- Try it: From the first line down to the one containing "Quick facts A", reproduce the entries below exactly and leave out the pictures.

- Dataset extract:

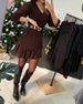 Modna sukienka z długim rękawem i nadrukiem w panterkę
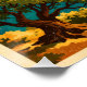 Travel poster featuring Mallorca, Spain, in a classic retro travel-poster style. Central focus on the dramatic Serra de Tramuntana mountains overlooking turquoise Mediterranean coves, with golden sandstone villages, olive groves, and winding coastal roads along the cliffs. A historic cathedral silhouette rises near the shoreline while sailboats glide across crystal-clear waters under warm island sunlight. Rich Mediterranean color palette of deep turquoise sea, sunlit stone beige, olive green, and glowing sunset gold. Clean graphic illustration with subtle vintage grain texture. Bold vintage typography headline: “MALLORCA – GEM OF THE BALEARIC ISLANDS”. Vertical 2:3 layout, high-resolution, print-ready.
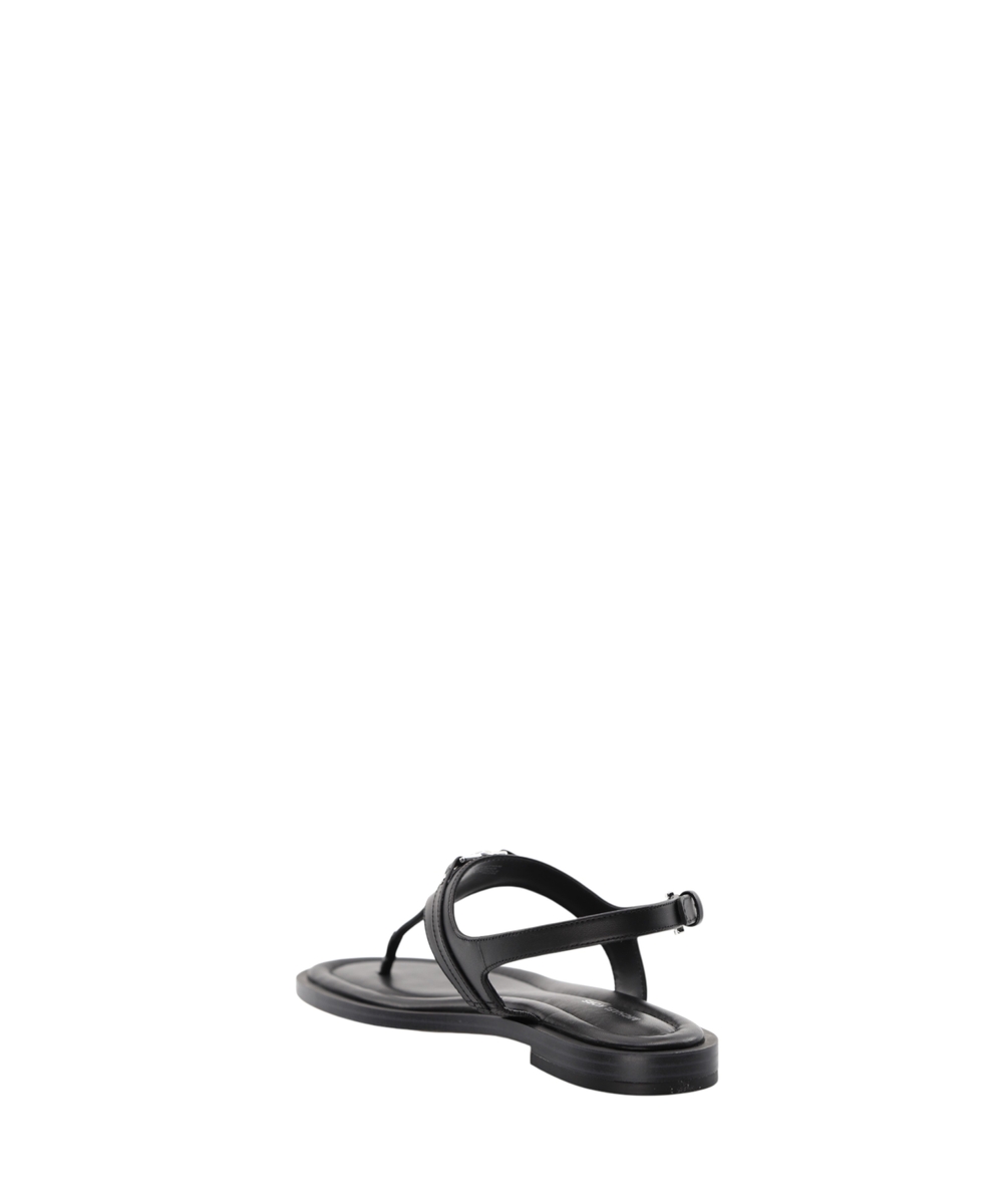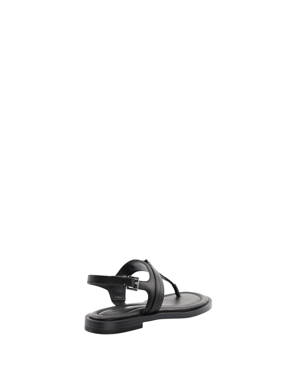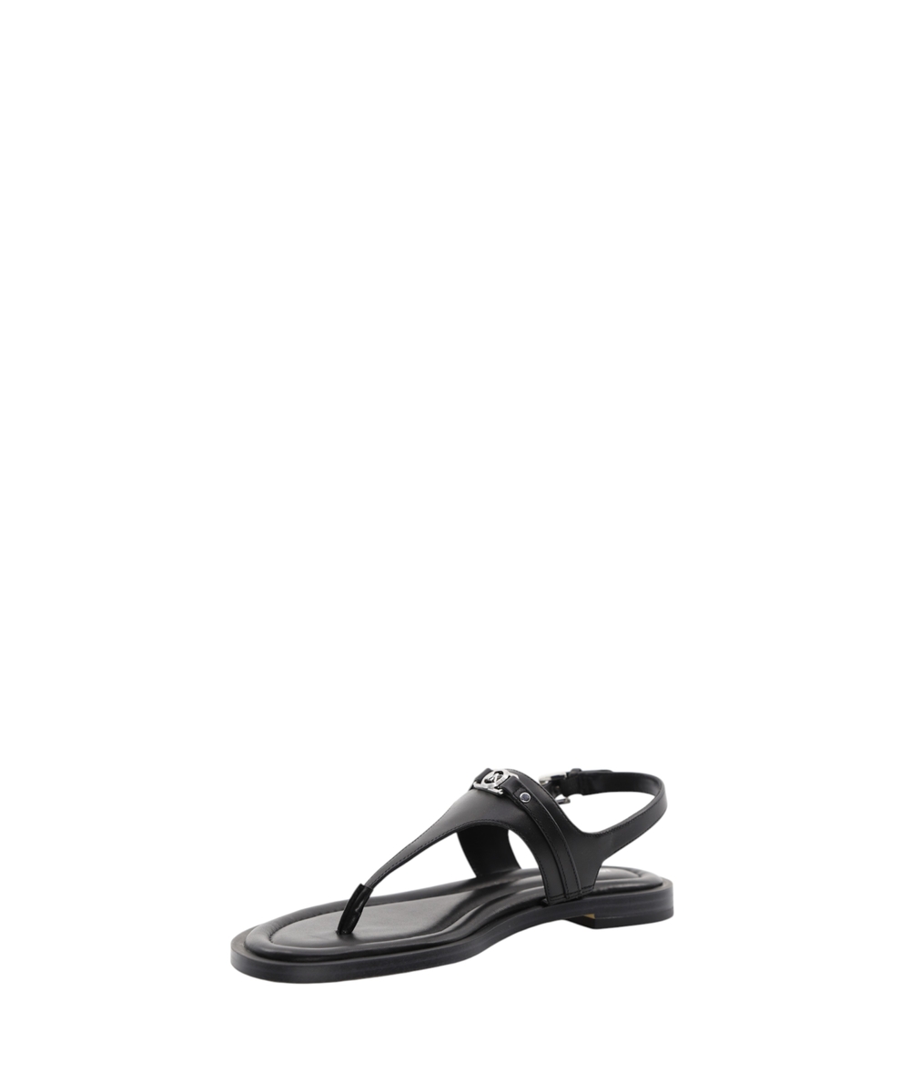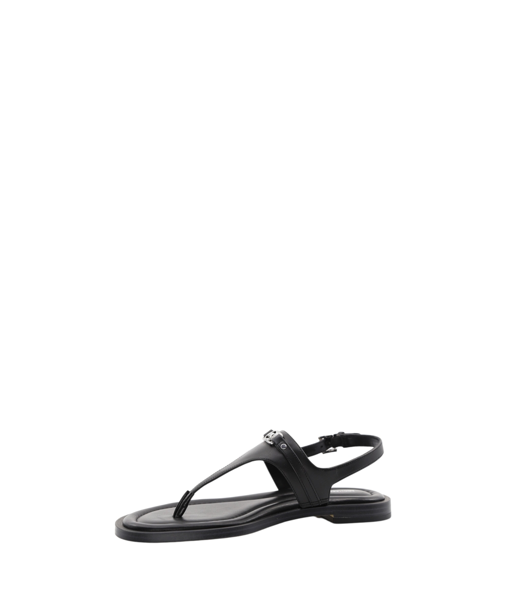 Experience refined summer elegance with the Mandy T-Strap Sandal by Michael Kors. Crafted from smooth leather, these sandals present an elegant T-shaped silhouette perfect for sophisticated warm-weather ensembles. They feature a comfortable contoured flat sole and secure buckle fastening at the ankle for a true-to-size fit. The open, rounded toe design ensures breathability, while subtle logo detailing, including printed and applied elements alongside a metallic MK monogram, adds a touch of signature appeal. These sandals are a versatile and essential addition, blending timeless design with everyday comfort.
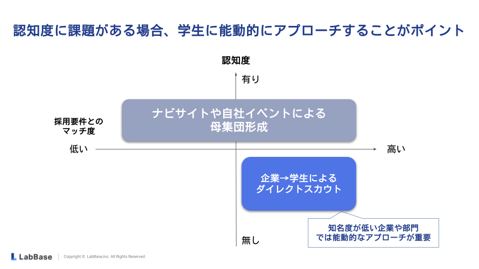 知名度が低い企業や部門は、ナビサイトなどの「待ち」の採用に頼るのではなく、企業から学生に能動的にアプローチすることが重要です。
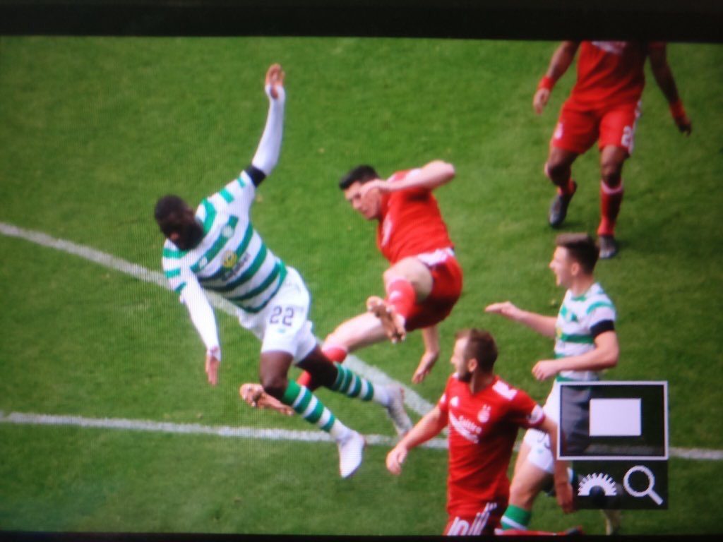 Madden, who has been demoted for this weekend’s fixtures, also tried to prevent Edouard leaving the park towards the touchline at the South Stand after receiving treatment. He did NOT repeat this blocking movement in the second half when an Aberdeen player was down injured in the other penalty area. Funny that.
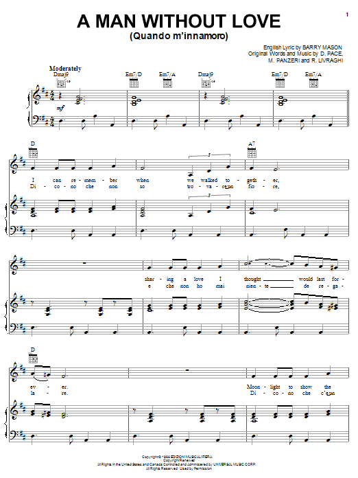 Quick facts A Man Without Love (Quando M'Innamoro) about digital sheet music
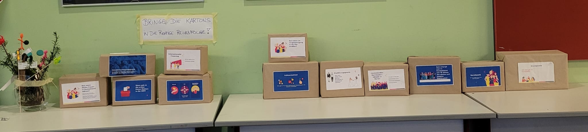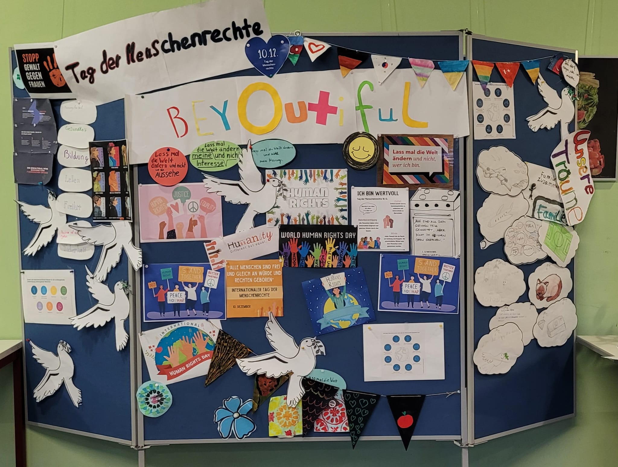 Bürgerliche, soziale Rechte und vor allem die Kinderrechte haben wir in einem bunten Blumenstrauß gestaltet. (siehe Foto)
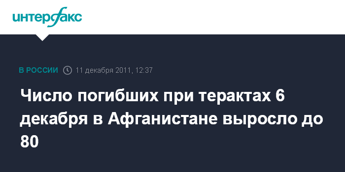 Число погибших при терактах 6 декабря в Афганистане выросло до 80
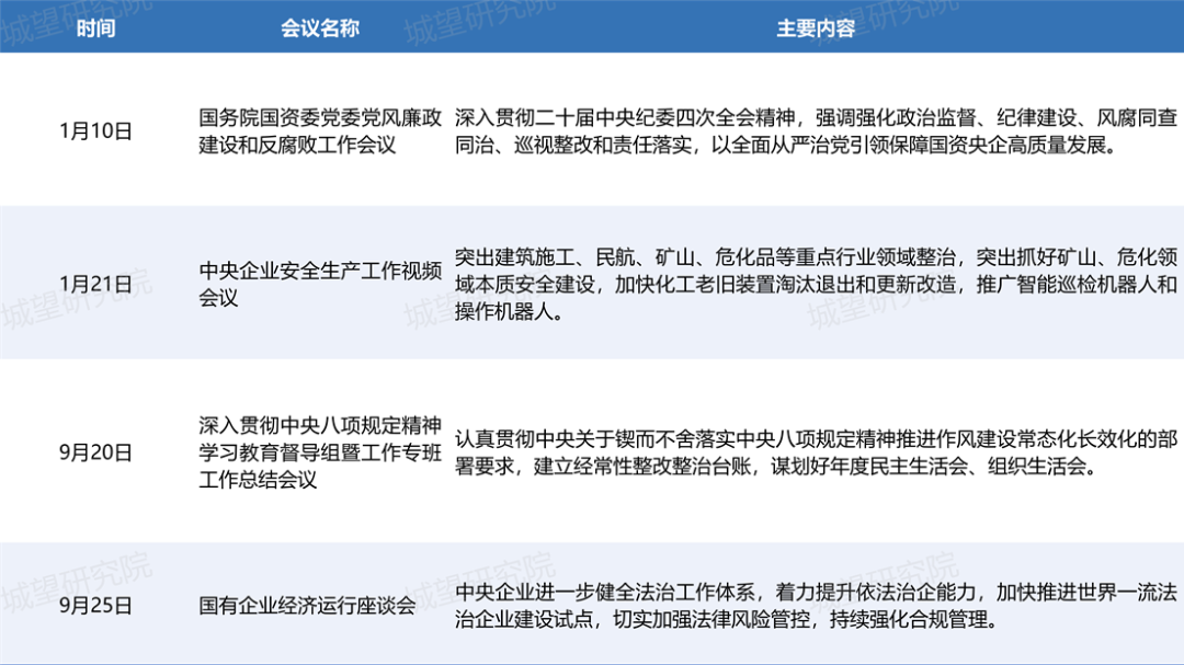 从2025年经济运行与安全生产系列会议来看,以全面从严治党引领保障国资央企高质量发展,要求积极统筹发展与安全,强化重点领域风险排查,持续强化合规管理。
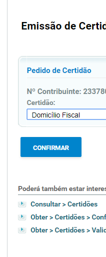 Vai a Obter/Certidões/Domicílio Fiscal
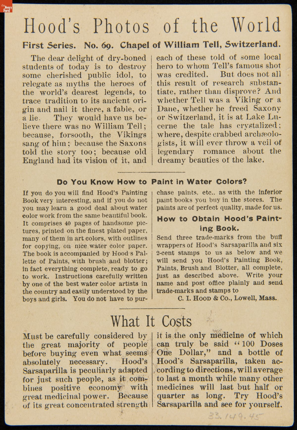 In the late 19th century, trade cards were a major means of advertising goods and services. Patent medicine producer, C.I. Hood & Co., had its own advertising department, creating cookbooks, calendars, and, most abundantly, trade cards. The trade card series, "Hood's Photos of the World," became popular among consumers, as it offered views of far-away places, providing a window to the broader world.
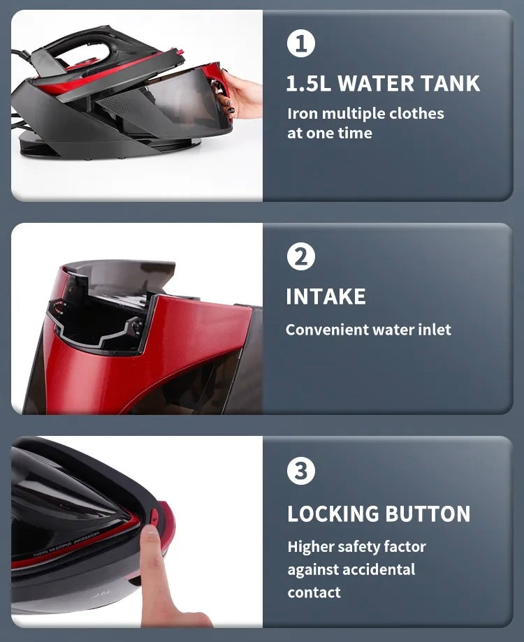 هذا المكواة البخارية عالية القوة مصممة لتقديم أداء ممتاز في كي الملابس. مزودة بلوحة بطلاء سيراميكي، تسخن بسرعة وتوزع البخار بشكل متساوي لضمان كي مثالي للأقمشة. تأتي بخزان مياه سعة 1.5 لتر، مما يسمح بتوليد كمية كبيرة من البخار بمعدل يبلغ 40 ± 5 جرام في الدقيقة.
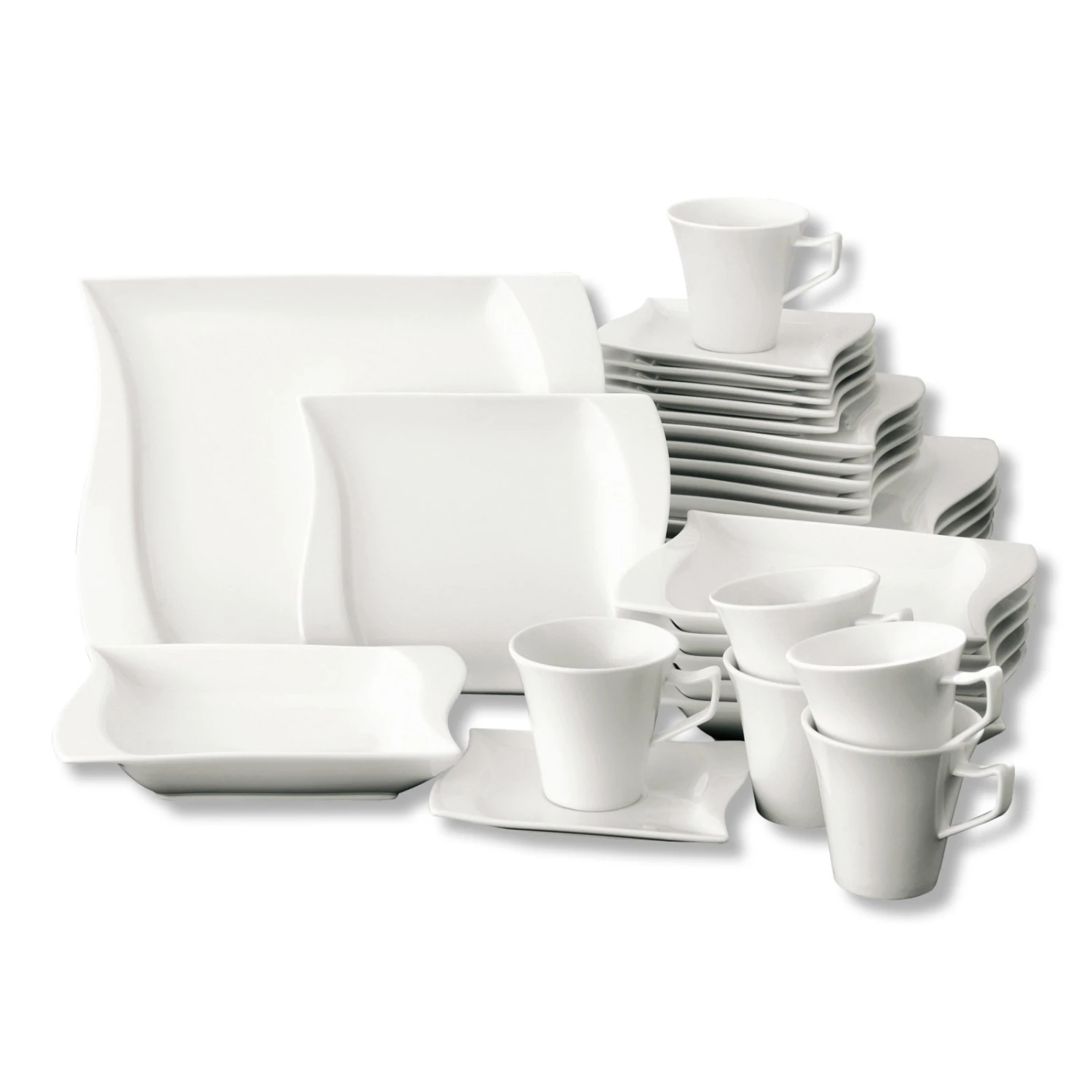 Das Kombiservice bestehend aus 30 Teilen besticht durch die ganz besondere Eleganz. Dieses Service macht Ihren Esstisch zum einladenden Blickfang. Die Form Der Teller ist eckig und die Tassen haben eine runde Form.
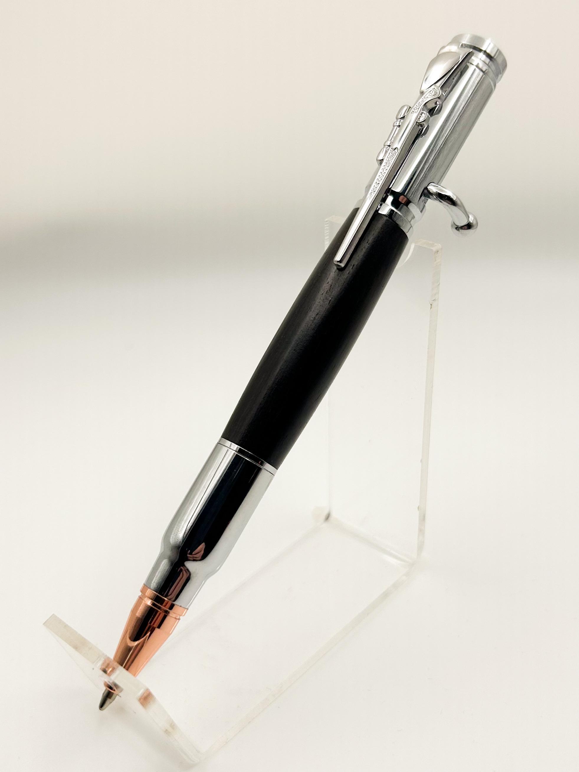 This handcrafted bolt-action pen is turned from African Blackwood, one of the densest and most prized hardwoods in the world. Known for its deep, dark tones and exceptionally fine grain, African Blackwood is often used in high-end musical instruments and heirloom pieces—making it an outstanding choice for a premium writing instrument.
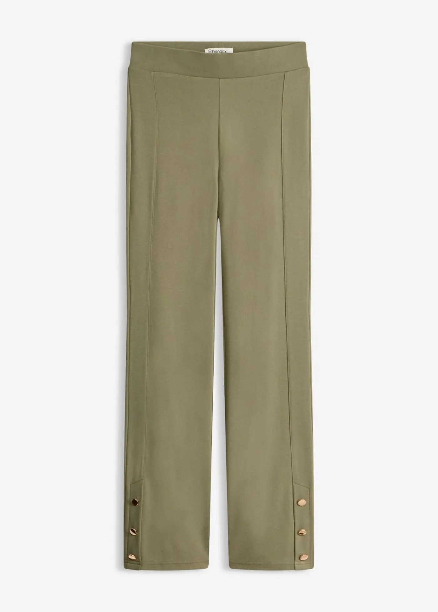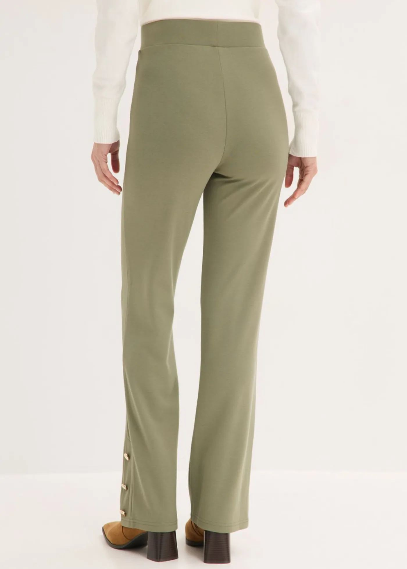 Elegante pantalón de punto con botones decorativos en la pernera.
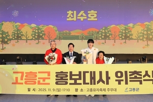 가수 최수호는 "아버지의 고향인 고흥에서 첫 번째 홍보대사를 맡게 돼 뜻깊다"며 "트로트 가수로 왕성한 활동과 더불어 천혜의 자연환경과 우주항공 중심도시로 거듭나고 있는 고흥을 널리 알리겠다"고 당찬 포부를 밝혔다.
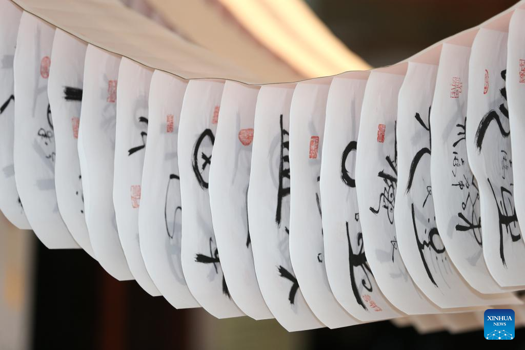 A piece of artwork is pictured at an exhibition during the China Intangible Cultural Heritage Week held at the BRAC University in Dhaka, Bangladesh on June 22, 2025. The five-day China Intangible Cultural Heritage Week kicked off here on Sunday. The exhibition, main part of the event, featured dozens of outstanding Chinese artworks, including elegant lady paintings and Dongba pictographic calligraphy, as well as some Chinese intangible cultural heritage crafts. (Photo by Habibur Rahman/Xinhua)

- Answer for the task:
 Modna sukienka z długim rękawem i nadrukiem w panterkę
 Travel poster featuring Mallorca, Spain, in a classic retro travel-poster style. Central focus on the dramatic Serra de Tramuntana mountains overlooking turquoise Mediterranean coves, with golden sandstone villages, olive groves, and winding coastal roads along the cliffs. A historic cathedral silhouette rises near the shoreline while sailboats glide across crystal-clear waters under warm island sunlight. Rich Mediterranean color palette of deep turquoise sea, sunlit stone beige, olive green, and glowing sunset gold. Clean graphic illustration with subtle vintage grain texture. Bold vintage typography headline: “MALLORCA – GEM OF THE BALEARIC ISLANDS”. Vertical 2:3 layout, high-resolution, print-ready.
 Experience refined summer elegance with the Mandy T-Strap Sandal by Michael Kors. Crafted from smooth leather, these sandals present an elegant T-shaped silhouette perfect for sophisticated warm-weather ensembles. They feature a comfortable contoured flat sole and secure buckle fastening at the ankle for a true-to-size fit. The open, rounded toe design ensures breathability, while subtle logo detailing, including printed and applied elements alongside a metallic MK monogram, adds a touch of signature appeal. These sandals are a versatile and essential addition, blending timeless design with everyday comfort.
 知名度が低い企業や部門は、ナビサイトなどの「待ち」の採用に頼るのではなく、企業から学生に能動的にアプローチすることが重要です。
 Madden, who has been demoted for this weekend’s fixtures, also tried to prevent Edouard leaving the park towards the touchline at the South Stand after receiving treatment. He did NOT repeat this blocking movement in the second half when an Aberdeen player was down injured in the other penalty area. Funny that.
 Quick facts A Man Without Love (Quando M'Innamoro) about digital sheet music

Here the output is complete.